The oil and natural-gas boom in the United States—driven by water-intensive hydraulic fracturing technology (see “Natural Gas Changes the Energy Map”)—is creating demand for better water-treatment technologies. Now Ecosphere Technologies has developed a process that is helping producers recycle water and eliminate the use of some of the chemicals involved in treating water for fracking.
Vast amounts of water are needed to fracture underground formations and release natural gas (see “Can Fracking Be Cleaned Up?”). A single well uses 15 million liters of water, and thousands of wells have been drilled or permitted in the United States. The sheer volume of water poses a problem in drought-stricken areas, such as the Eagleford shale deposits in Texas. The other problem is wastewater—10 to 50 percent of the water used for fracking flows back out again, and is contaminated with the chemical additives used in fracking as well as with salts, metals, and sometimes radioactive materials that the water picks up underground. In places such as Pennsylvania, there’s no easy way to dispose of this water, since the geology isn’t amenable to deep underground storage.

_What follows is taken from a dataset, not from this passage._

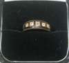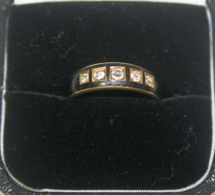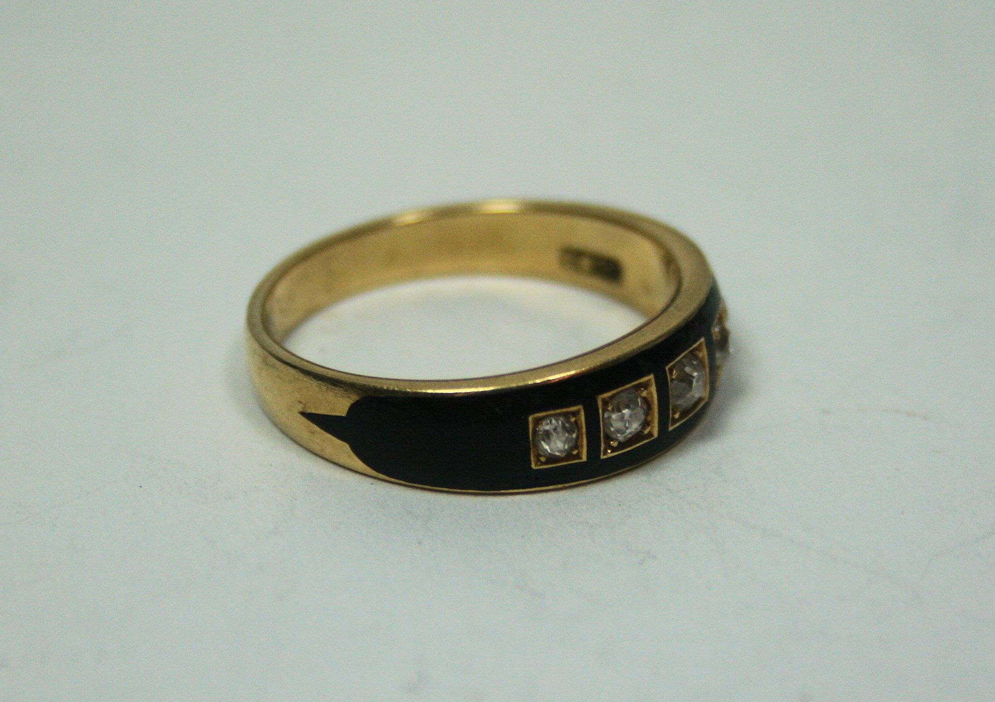 claw set with five graduated old cut stones in a black enamelled ground, to a yellow metal shank stamped 14CT

Ecosphere’s process replaces the biocides and descaling agents typically used in fracking water with an ozone-based treatment. Ozone itself isn’t benign, but Ecosphere produces it on site, so it doesn’t have to be transported, which reduces the chance of spills, the fuel needed for transport, and the wear and tear on roads—a major problem for communities with large fracking operations. The process lets well operators recycle water, reducing the total amount consumed and the amount of waste material that needs to be disposed of.